(PROBLEM DETAILS):
Please repeat the data below exactly, with the pictures removed.

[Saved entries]
····················

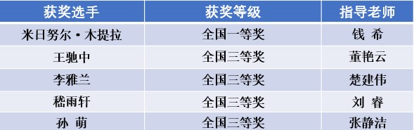 学生的风采与实力,最终获得高校组全国一等奖1项,全国三等奖4项的佳绩。
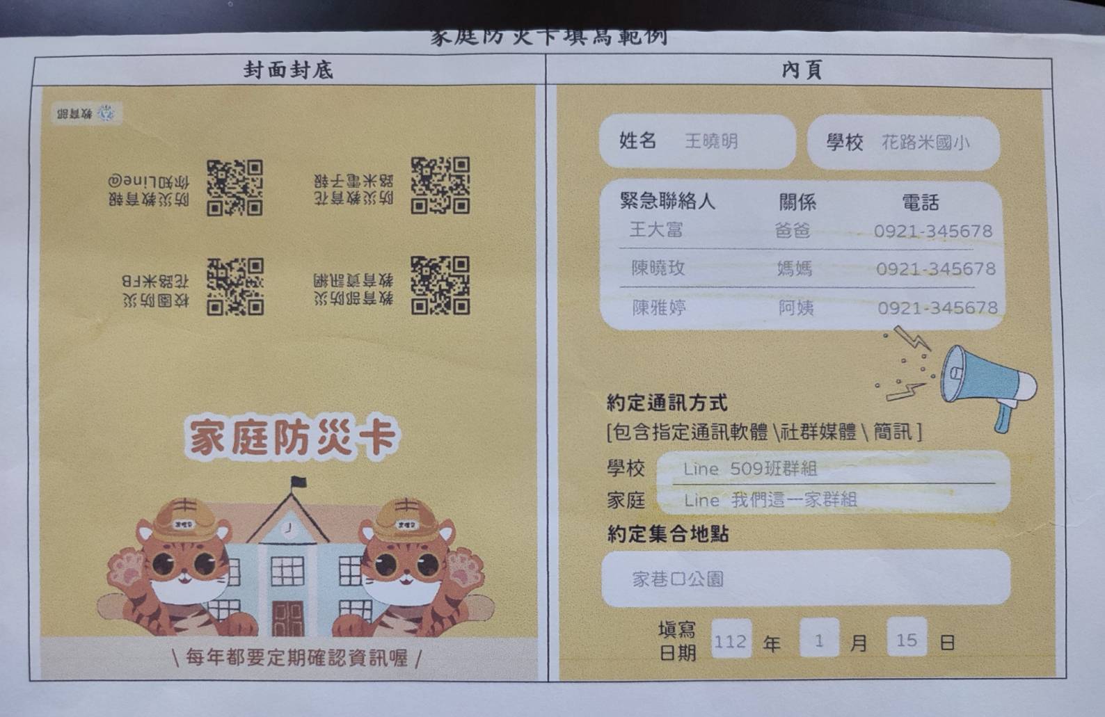 115年新版家庭防災卡範例說明
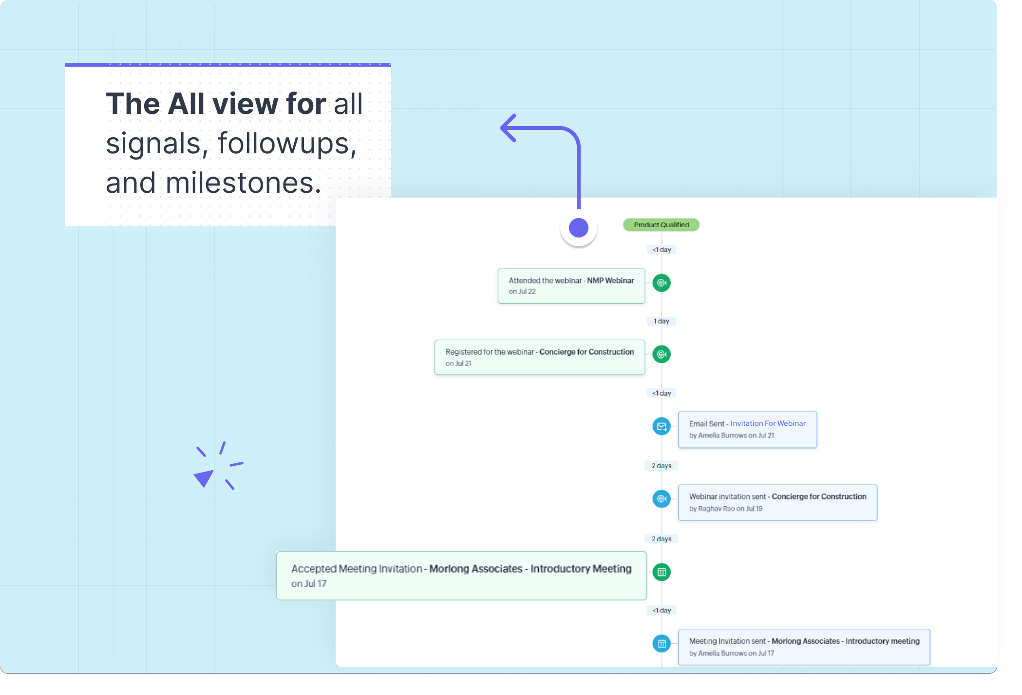 Along with signals, the touchpoints in your customer's journey include followups. These are interactions initiated by the CRM users in your organization. They include information about the CRM user who initiated/responded as well as the date on which the followup happened. You can view the exact time of the followup by hovering over the date in the followup. They are arranged on the right side of the trail.
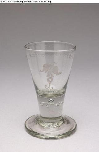 Fundmeldung Spitzglas mit hebräischer Inschrift Hersteller/Künstler:in Unbekannt Objektart Gefäß Material / TechnikGlas (Mattglas) / geschnittenLost Art-ID626360
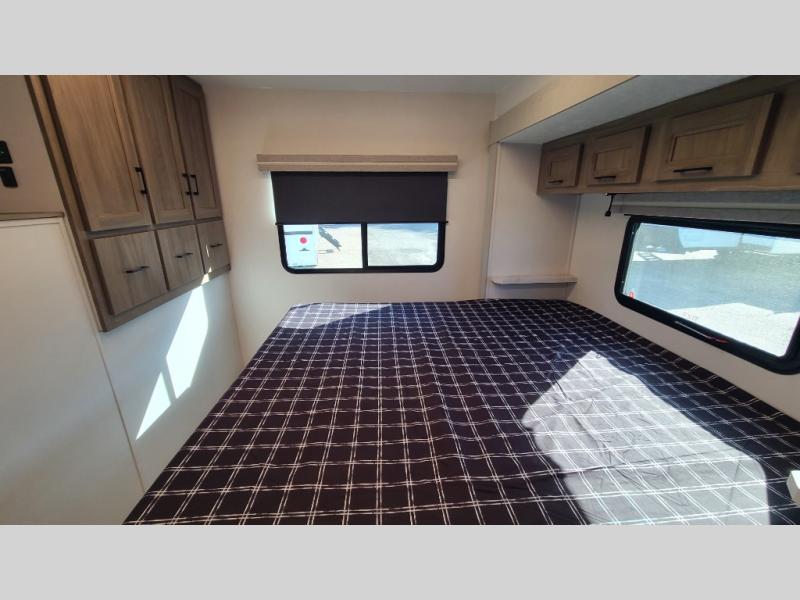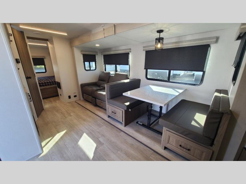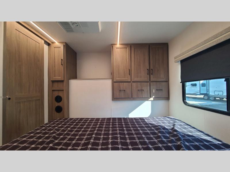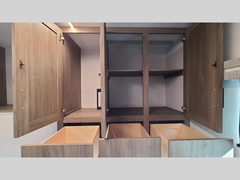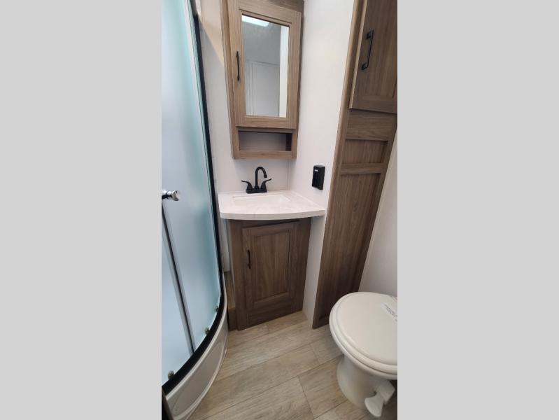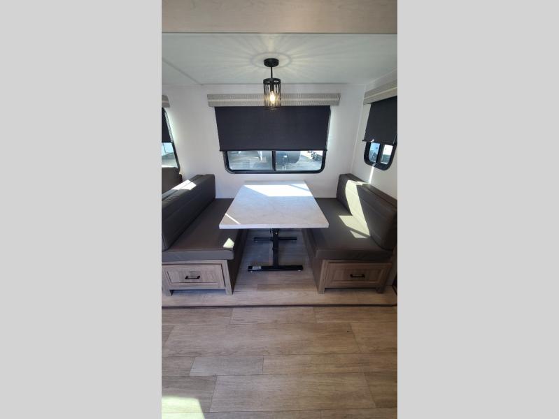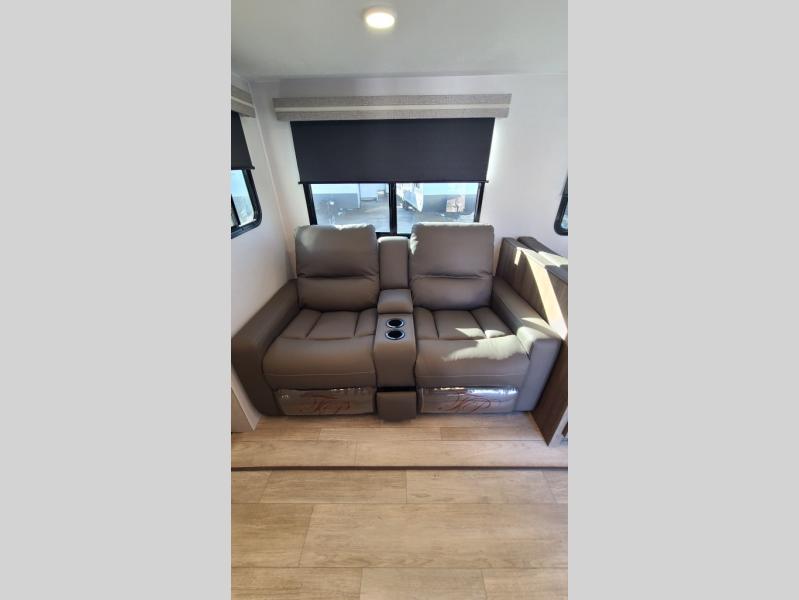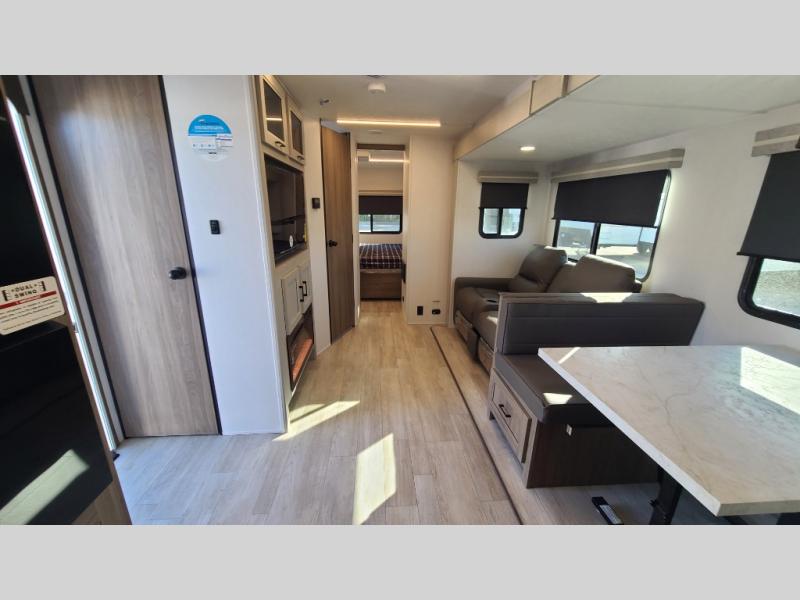 259FKDSYou will love the rear master bedroom with its king bed slide out, spacious wardrobe, and a private entrance into the dual entry bath. There is a sofa that sits directly across from the fireplace and entertainment center, or you can choose the optional theater seat or optional hide-a-bed sofa in place of the standard sofa. The front kitchen features tons of counter space, an 8 cu. ft. double door refrigerator, plus a large pantry for dry good and snacks. There is also a pantry/closet just as you enter the trailer that will be perfect for shoes and jackets!
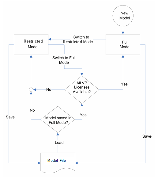 При загрузке существующей модели диспетчер лицензий проверяет, была ли она сохранена в режиме полного или ограниченного доступа.
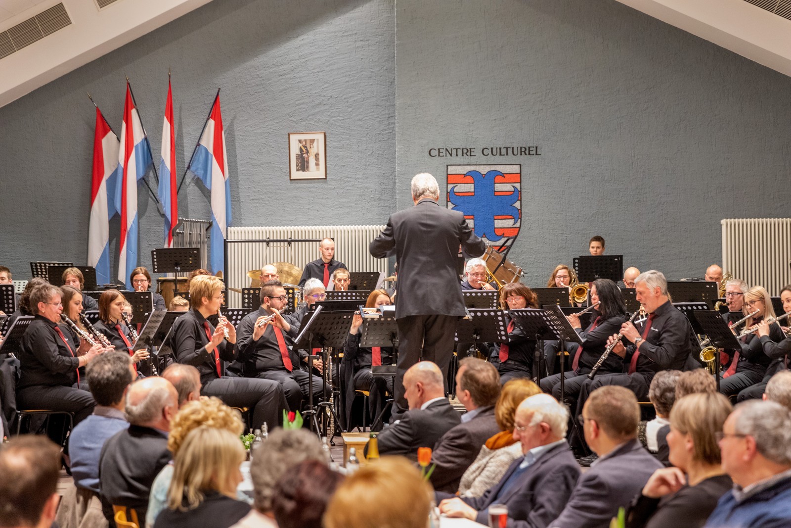 Den Optakt vun de Feierlechkeete fir den 125. Gebuertsdag vun eiser Musik war de 7. Mäerz mat engem flotte Concert gespillt vun der Ëlwënter Musik. Déi 70 Musikantinnen a Musikanten, ënnert der Leedung vum Dirigent Werner Eckes, woussten d’Nolauschterer mat hirem usprochsvolle Programm „HUT goes Movies“ ze begeeschteren. Dëse Concert stung ënnert dem Patronage vun der UGDA, vertrueden duerch den Här Robert Mamer. Och wann de Centre Culturel deen Owend net bis op déi läscht Platz besat war, sécherlich bedéngt duerch déi éischt Auswierkunge vum Coronavirus, sou konnt de President vum Organisatiounscomité dach en etlech Eieregäscht begréissen, nieft de Gemengevertrieder aus eiser Gemeng an de Nopeschgemengen, Vertrieder vun anere Veräiner a Musiken, Sponsoren an Eieremembere vun eiser Musiksgesellschaft, ënner anerem och den Deputéierten André Bauler.
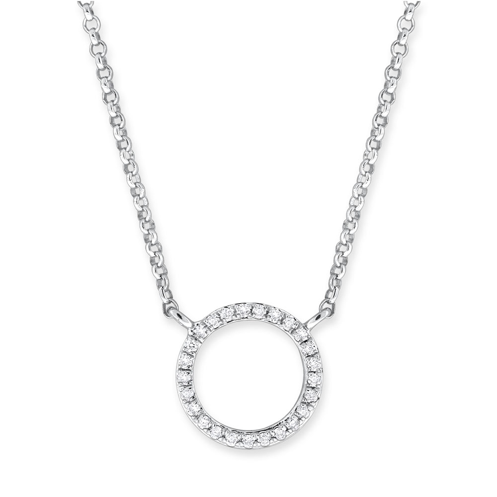 Diamond Circle Necklace in 14K White Gold with 25 Diamonds Weighing .07ct tw
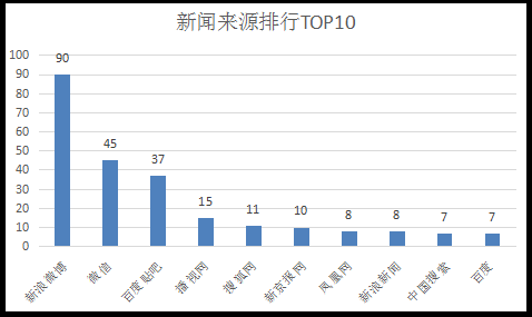 在新闻网站报道排行榜前TOP10中,排在第一位的新浪微博,数据为90条,是这次事件主要的网友热议平台,排在第二第三的是微信和百度贴吧,数据分别为45条和37条。除此之外,播视网、搜狐网、新京报网、凤凰网、百度等都是此次报道的重要的新闻来源网站。
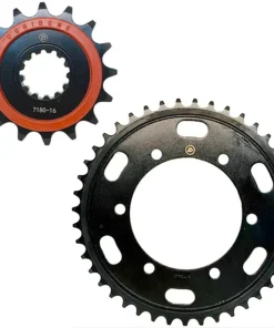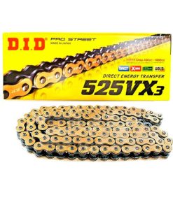 Los kits incluyen los engranajes tipo SILENT en la mayoría de los casos. En caso de falta de disponibilidad se sustituyen por las estándar sin perfil de goma. El kit recomendado es el de origen de fábrica, no obstante existen versiones con diferentes ratios para incrementar el rendimiento de la motocicleta en ciertas situaciones a gusto del usuario. Busque en la web o preguntenos. Este kit incluye una cadena de la marca DID de 108 pasos de modelo 525-VX
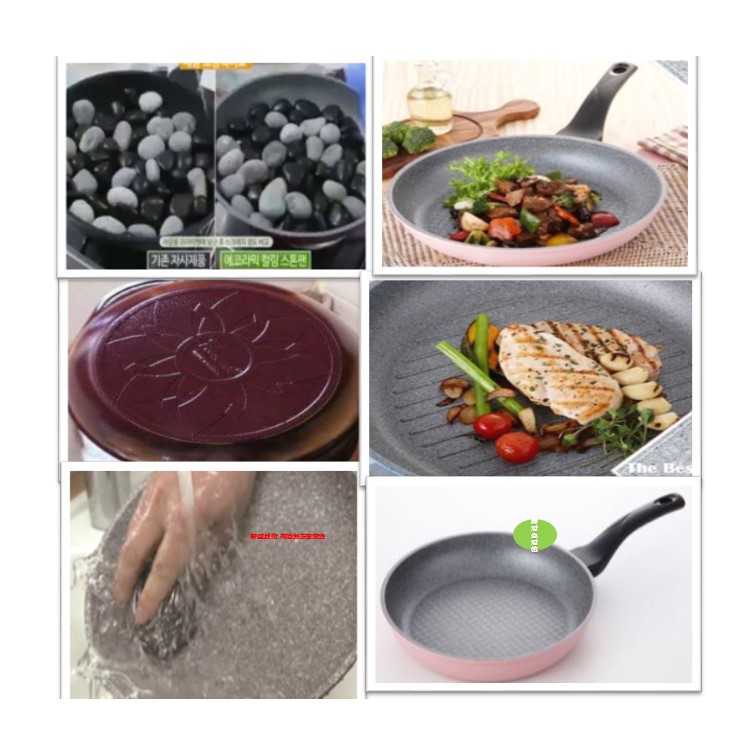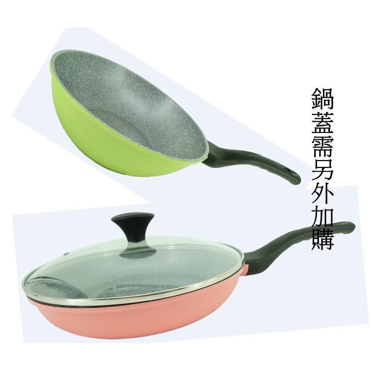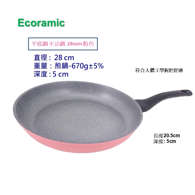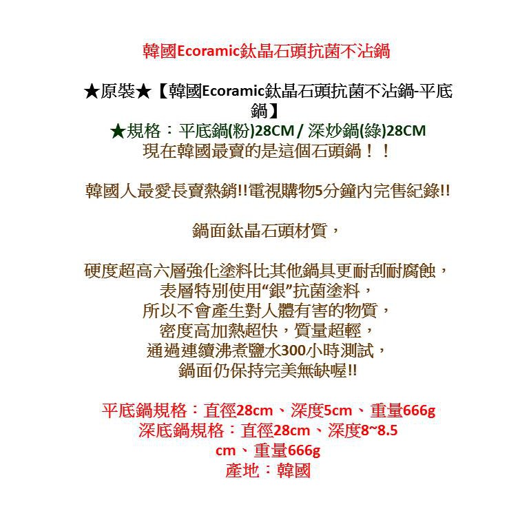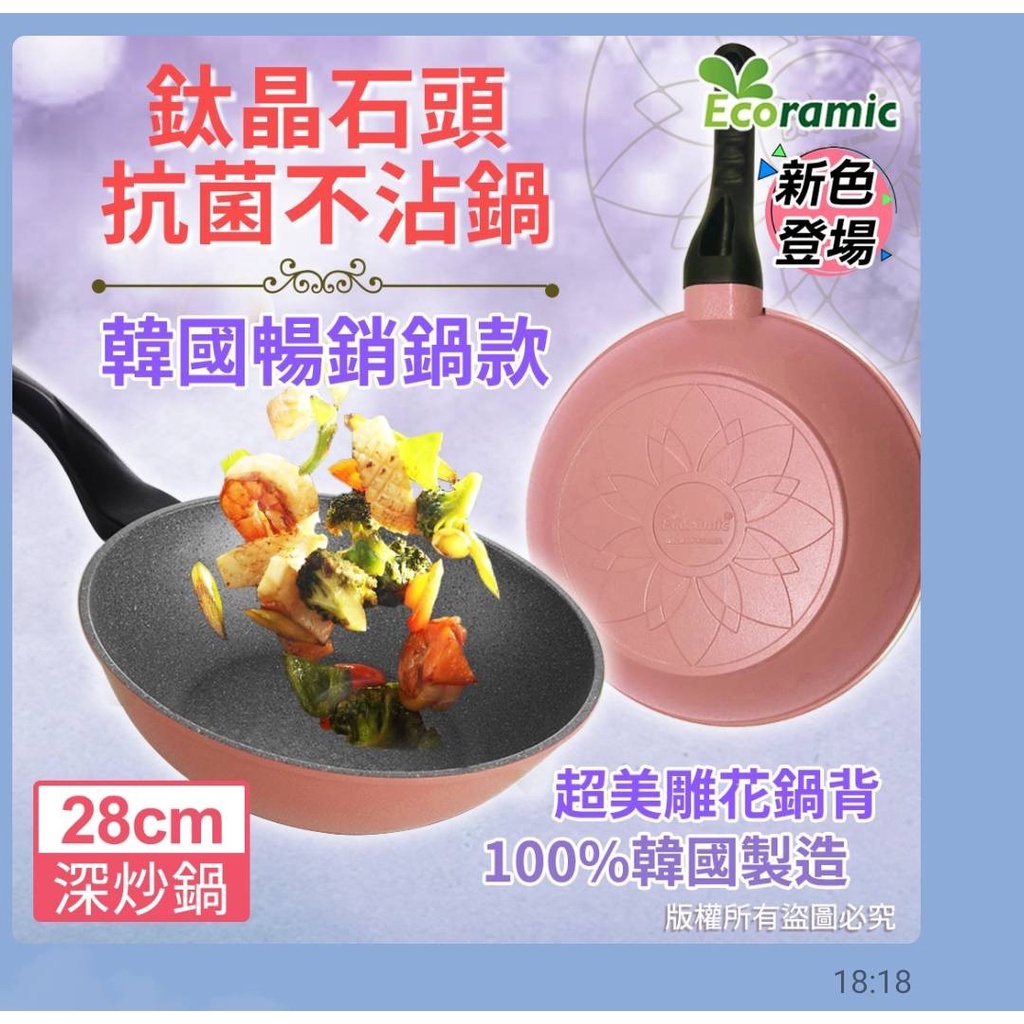 韓國Ecoramic鈦晶石頭抗菌 不沾鍋 炒鍋 平底鍋 - 28cm 粉色平底鍋/ 綠色深炒鍋/雕花粉色深炒鍋

····················

(COMPLETED EXERCISE):
 学生的风采与实力,最终获得高校组全国一等奖1项,全国三等奖4项的佳绩。
 115年新版家庭防災卡範例說明
 Along with signals, the touchpoints in your customer's journey include followups. These are interactions initiated by the CRM users in your organization. They include information about the CRM user who initiated/responded as well as the date on which the followup happened. You can view the exact time of the followup by hovering over the date in the followup. They are arranged on the right side of the trail.
 Fundmeldung Spitzglas mit hebräischer Inschrift Hersteller/Künstler:in Unbekannt Objektart Gefäß Material / TechnikGlas (Mattglas) / geschnittenLost Art-ID626360
 259FKDSYou will love the rear master bedroom with its king bed slide out, spacious wardrobe, and a private entrance into the dual entry bath. There is a sofa that sits directly across from the fireplace and entertainment center, or you can choose the optional theater seat or optional hide-a-bed sofa in place of the standard sofa. The front kitchen features tons of counter space, an 8 cu. ft. double door refrigerator, plus a large pantry for dry good and snacks. There is also a pantry/closet just as you enter the trailer that will be perfect for shoes and jackets!
 При загрузке существующей модели диспетчер лицензий проверяет, была ли она сохранена в режиме полного или ограниченного доступа.
 Den Optakt vun de Feierlechkeete fir den 125. Gebuertsdag vun eiser Musik war de 7. Mäerz mat engem flotte Concert gespillt vun der Ëlwënter Musik. Déi 70 Musikantinnen a Musikanten, ënnert der Leedung vum Dirigent Werner Eckes, woussten d’Nolauschterer mat hirem usprochsvolle Programm „HUT goes Movies“ ze begeeschteren. Dëse Concert stung ënnert dem Patronage vun der UGDA, vertrueden duerch den Här Robert Mamer. Och wann de Centre Culturel deen Owend net bis op déi läscht Platz besat war, sécherlich bedéngt duerch déi éischt Auswierkunge vum Coronavirus, sou konnt de President vum Organisatiounscomité dach en etlech Eieregäscht begréissen, nieft de Gemengevertrieder aus eiser Gemeng an de Nopeschgemengen, Vertrieder vun anere Veräiner a Musiken, Sponsoren an Eieremembere vun eiser Musiksgesellschaft, ënner anerem och den Deputéierten André Bauler.
 Diamond Circle Necklace in 14K White Gold with 25 Diamonds Weighing .07ct tw
 在新闻网站报道排行榜前TOP10中,排在第一位的新浪微博,数据为90条,是这次事件主要的网友热议平台,排在第二第三的是微信和百度贴吧,数据分别为45条和37条。除此之外,播视网、搜狐网、新京报网、凤凰网、百度等都是此次报道的重要的新闻来源网站。
 Los kits incluyen los engranajes tipo SILENT en la mayoría de los casos. En caso de falta de disponibilidad se sustituyen por las estándar sin perfil de goma. El kit recomendado es el de origen de fábrica, no obstante existen versiones con diferentes ratios para incrementar el rendimiento de la motocicleta en ciertas situaciones a gusto del usuario. Busque en la web o preguntenos. Este kit incluye una cadena de la marca DID de 108 pasos de modelo 525-VX
 韓國Ecoramic鈦晶石頭抗菌 不沾鍋 炒鍋 平底鍋 - 28cm 粉色平底鍋/ 綠色深炒鍋/雕花粉色深炒鍋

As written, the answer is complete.